What the task asks.
Nothing but the lines below from the one containing "Cuối cùng, yếu" through the one containing "Belt length: 70" should appear in the answer, exact and without pictures.

Information shown.
[Start of Attachment]
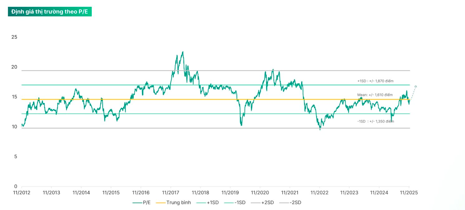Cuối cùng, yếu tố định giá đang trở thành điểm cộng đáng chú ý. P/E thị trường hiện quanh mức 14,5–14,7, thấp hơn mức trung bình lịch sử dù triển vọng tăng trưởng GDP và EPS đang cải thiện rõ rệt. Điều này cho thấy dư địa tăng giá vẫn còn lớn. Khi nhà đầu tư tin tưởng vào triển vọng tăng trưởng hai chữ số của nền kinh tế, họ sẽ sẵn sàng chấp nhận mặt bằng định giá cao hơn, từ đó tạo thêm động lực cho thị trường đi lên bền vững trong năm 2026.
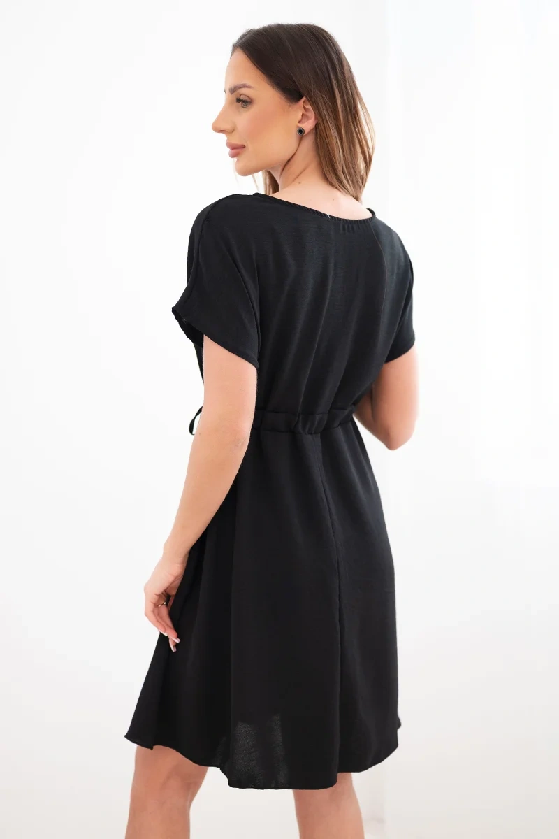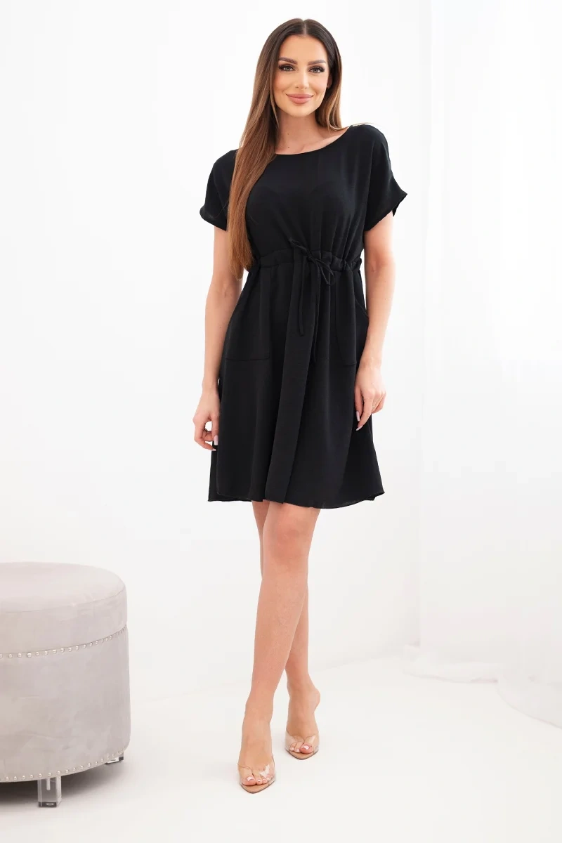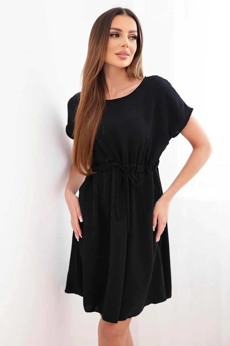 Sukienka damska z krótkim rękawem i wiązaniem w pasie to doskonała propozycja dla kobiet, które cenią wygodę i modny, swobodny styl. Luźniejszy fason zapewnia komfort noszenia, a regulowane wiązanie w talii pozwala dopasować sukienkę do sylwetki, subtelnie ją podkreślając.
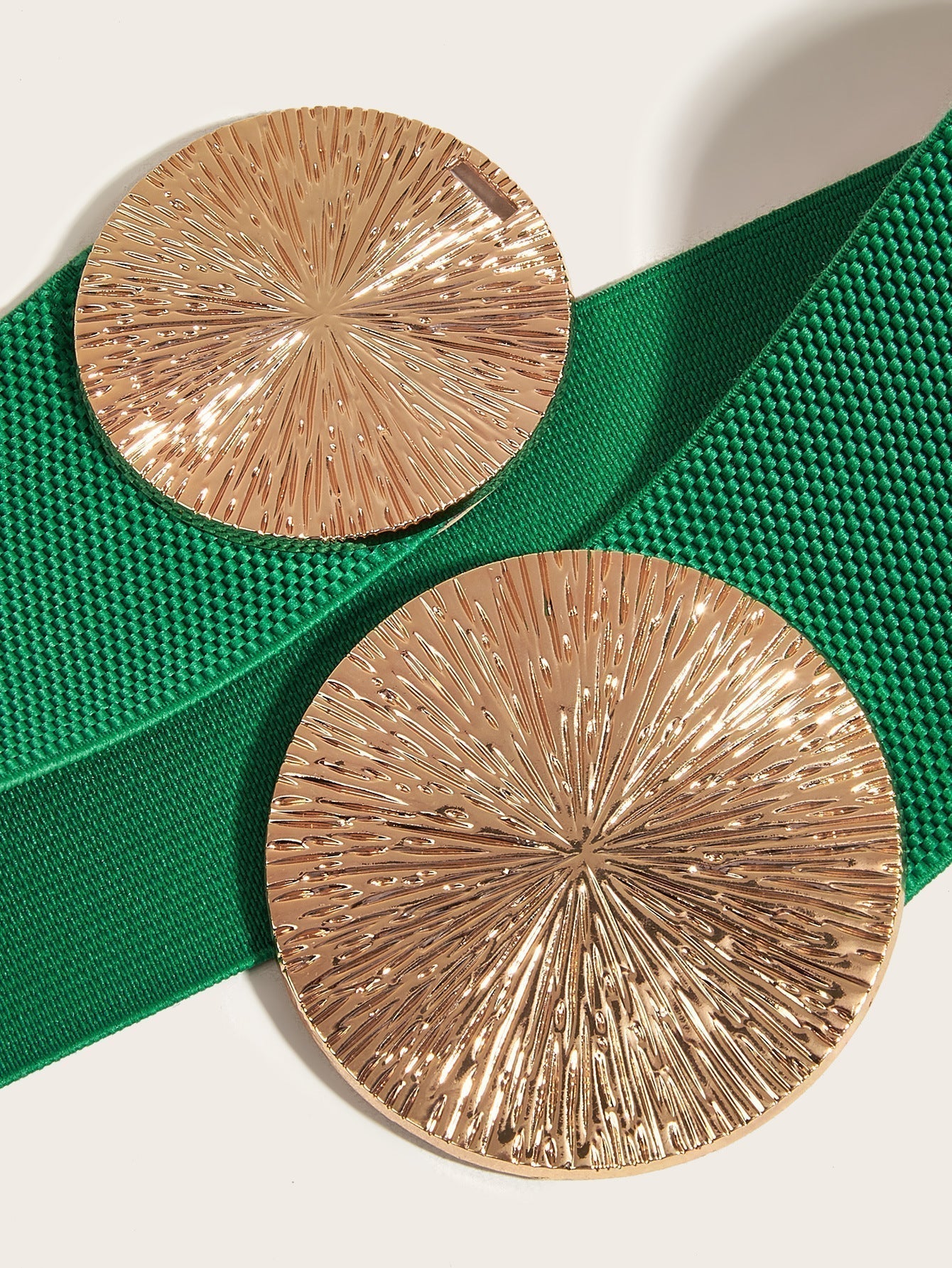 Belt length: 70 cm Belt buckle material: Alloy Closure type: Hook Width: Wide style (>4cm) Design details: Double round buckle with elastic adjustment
[End of Attachment]
[Start of Attachment]
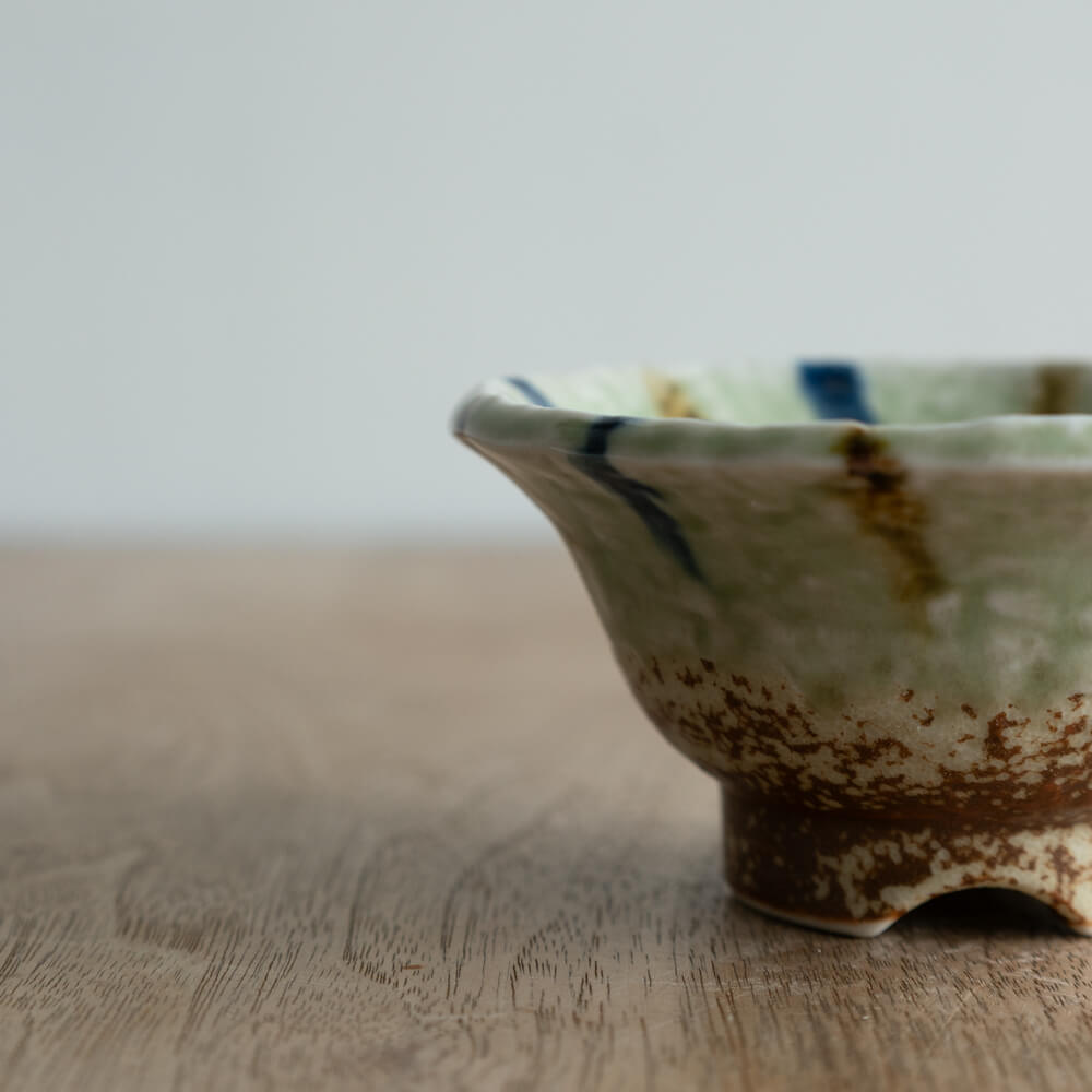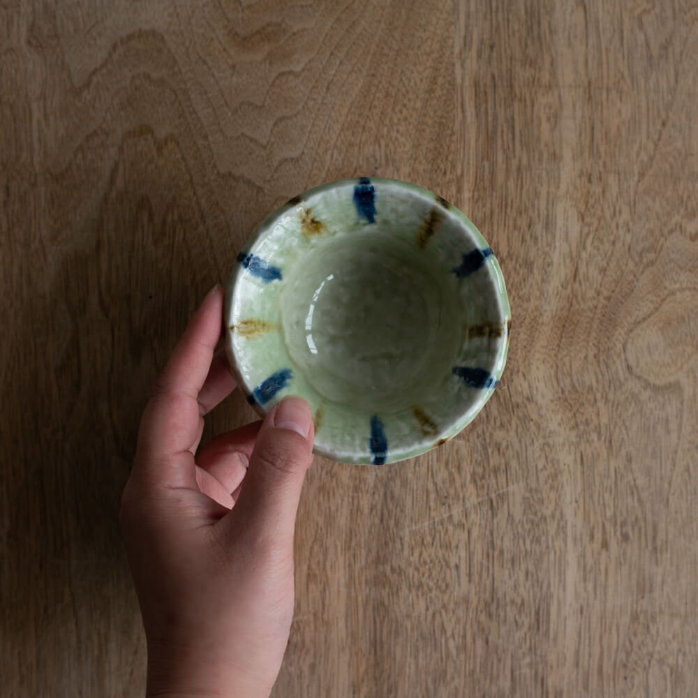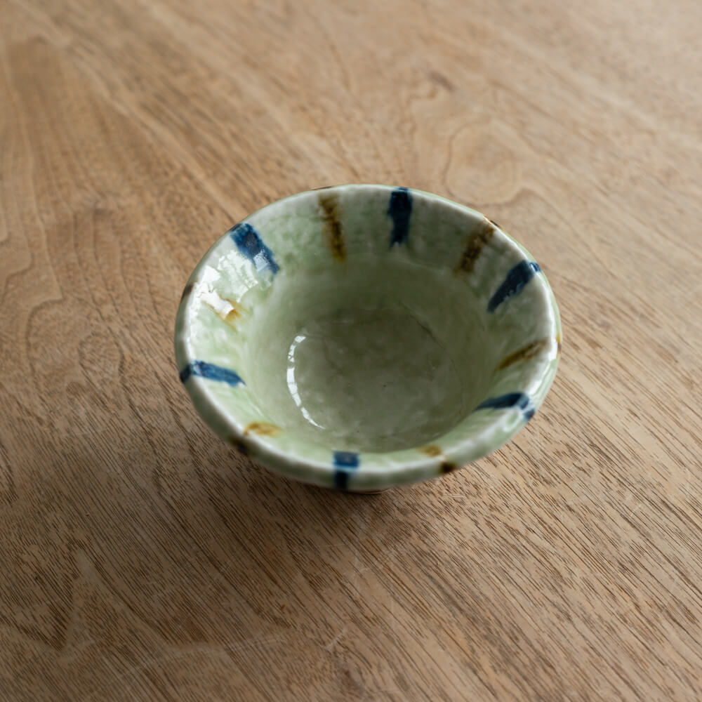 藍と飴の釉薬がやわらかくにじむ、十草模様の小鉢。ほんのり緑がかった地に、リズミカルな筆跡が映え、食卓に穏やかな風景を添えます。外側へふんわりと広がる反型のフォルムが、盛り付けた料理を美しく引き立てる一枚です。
[End of Attachment]
Output of the exercise.
Cuối cùng, yếu tố định giá đang trở thành điểm cộng đáng chú ý. P/E thị trường hiện quanh mức 14,5–14,7, thấp hơn mức trung bình lịch sử dù triển vọng tăng trưởng GDP và EPS đang cải thiện rõ rệt. Điều này cho thấy dư địa tăng giá vẫn còn lớn. Khi nhà đầu tư tin tưởng vào triển vọng tăng trưởng hai chữ số của nền kinh tế, họ sẽ sẵn sàng chấp nhận mặt bằng định giá cao hơn, từ đó tạo thêm động lực cho thị trường đi lên bền vững trong năm 2026.
 Sukienka damska z krótkim rękawem i wiązaniem w pasie to doskonała propozycja dla kobiet, które cenią wygodę i modny, swobodny styl. Luźniejszy fason zapewnia komfort noszenia, a regulowane wiązanie w talii pozwala dopasować sukienkę do sylwetki, subtelnie ją podkreślając.
 Belt length: 70 cm Belt buckle material: Alloy Closure type: Hook Width: Wide style (>4cm) Design details: Double round buckle with elastic adjustment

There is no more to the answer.